In concentrated aqueous solutions of NaCl, the Na+ (aq) ions can be so close to the
Cl- (aq) ions that a small percentage is associated in ion pairs at any given moment. Suppose that a solution contains 1.00 mol of NaCl and that 5.57% of the formula units exist in solution as such loosely bound pairs. How many ions are there in this solution?
Check my thinking on this:
1 mol NaCl contains 6.02E23 formula units of NaCl.
5.57% or 0.0557*6.02E23=?? will be present as NaCl loosley bound pairs.
The other 94.43% will ionize which will be 0.9443*6.02E23=xx formula units NaCl to ionize. Since those ionize to Na^+ and Cl^- you will have xx Na^+ and xx Cl^-. Add those together to obtain the total number of ions.
Remember to check my thinking.
Your thinking is mostly correct. Let's go through the calculations step by step to find the total number of ions in the solution.
Step 1:
You are correct that 1 mole of NaCl contains 6.02 x 10^23 formula units of NaCl.
Step 2:
To find the number of formula units present as loosely bound pairs, you need to calculate 5.57% (0.0557) of the total number of formula units in 1 mole of NaCl.
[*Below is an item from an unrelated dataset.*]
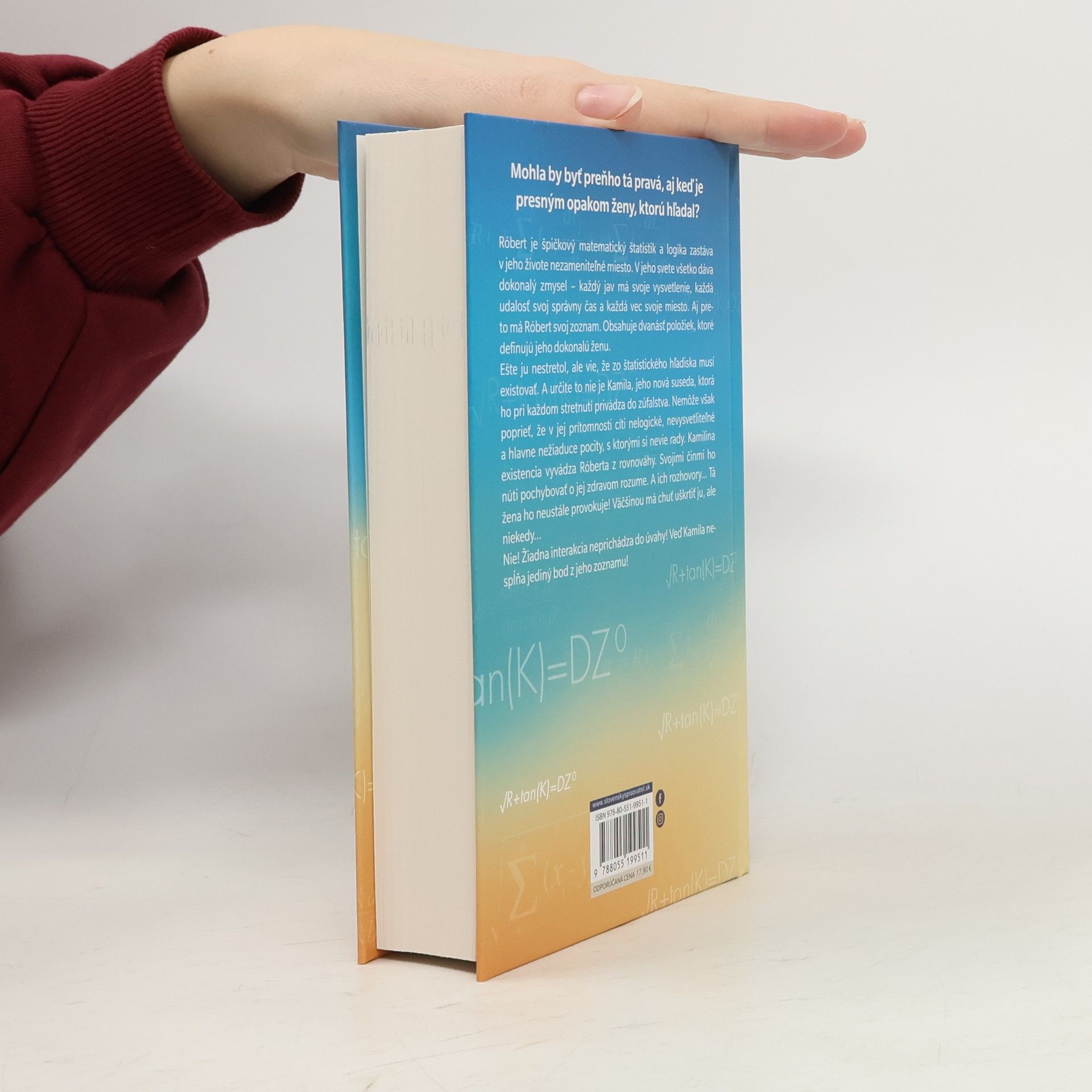 Mohla by byť preňho tá pravá, aj keď je presným opakom ženy, ktorú hľadal? Róbert je špičkový štatistik a logika zastáva v jeho živote nezameniteľné miesto. V jeho svete všetko dáva dokonalý zmysel – každý jav má svoje vysvetlenie, každá udalosť svoj správny čas a každá vec svoje miesto. Aj preto má Róbert svoj zoznam. Obsahuje dvanásť položiek, ktoré definujú jeho dokonalú ženu. Ešte ju nestretol, ale vie, že zo štatistického hľadiska musí existovať. A určite to nie je Kamila, jeho nová suseda, ktorá ho pri každom stretnutí privádza do zúfalstva. Nemôže však poprieť, že v jej prítomnosti cíti nelogické, nevysvetliteľné a hlavne nežiadúce pocity, s ktorými si nevie rady. Kamilina existencia vyvádza Róberta z rovnováhy. Svojimi činmi ho núti pochybovať o jej zdravom rozume. A jej vyjadrovanie... tá žena ho neustále provokuje! Väčšinou má chuť uškrtiť ju, ale niekedy... Nie! Žiadna interakcia neprichádza do úvahy! Veď Kamila nespĺňa jediný bod z jeho zoznamu!

So, multiply 0.0557 by 6.02 x 10^23:
0.0557 x 6.02 x 10^23 = 3.34 x 10^22 formula units of NaCl in loosely bound pairs.
Step 3:
To find the number of formula units that will ionize, subtract the number of formula units in loosely bound pairs from the total number of formula units in 1 mole of NaCl:
6.02 x 10^23 - 3.34 x 10^22 = 5.69 x 10^22 formula units of NaCl to ionize.
Step 4:
Since each NaCl formula unit ionizes into one Na+ ion and one Cl- ion, the number of Na+ ions and Cl- ions will be the same as the number of formula units to ionize:
Number of Na+ ions = Number of Cl- ions = 5.69 x 10^22 ions.
Step 5:
To find the total number of ions in the solution, add the number of Na+ ions and Cl- ions together:
Total number of ions = Number of Na+ ions + Number of Cl- ions = 5.69 x 10^22 + 5.69 x 10^22 = 1.138 x 10^23 ions.
Therefore, there are 1.138 x 10^23 ions in the solution.